• **Extracted data**:
·····

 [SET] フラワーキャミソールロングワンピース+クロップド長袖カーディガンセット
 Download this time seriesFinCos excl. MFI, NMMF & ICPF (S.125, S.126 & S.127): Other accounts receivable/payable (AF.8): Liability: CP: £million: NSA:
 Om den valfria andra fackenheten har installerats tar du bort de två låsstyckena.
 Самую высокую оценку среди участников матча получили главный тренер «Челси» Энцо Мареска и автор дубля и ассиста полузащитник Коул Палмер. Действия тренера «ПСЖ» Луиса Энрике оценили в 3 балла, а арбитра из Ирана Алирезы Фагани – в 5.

·····

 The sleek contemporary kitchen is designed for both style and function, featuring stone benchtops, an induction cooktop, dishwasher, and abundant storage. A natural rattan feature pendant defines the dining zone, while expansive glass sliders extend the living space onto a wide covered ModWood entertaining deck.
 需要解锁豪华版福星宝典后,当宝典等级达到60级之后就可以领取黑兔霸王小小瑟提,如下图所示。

·····

• **Problem details**: Of the entries listed above, reproduce only the lines starting at the line containing "[SET] フラワーキャミソ" and ending at the line containing "Om den valfria". Include both, exactly as they stand.

• **Exercise result**:
 [SET] フラワーキャミソールロングワンピース+クロップド長袖カーディガンセット
 Download this time seriesFinCos excl. MFI, NMMF & ICPF (S.125, S.126 & S.127): Other accounts receivable/payable (AF.8): Liability: CP: £million: NSA:
 Om den valfria andra fackenheten har installerats tar du bort de två låsstyckena.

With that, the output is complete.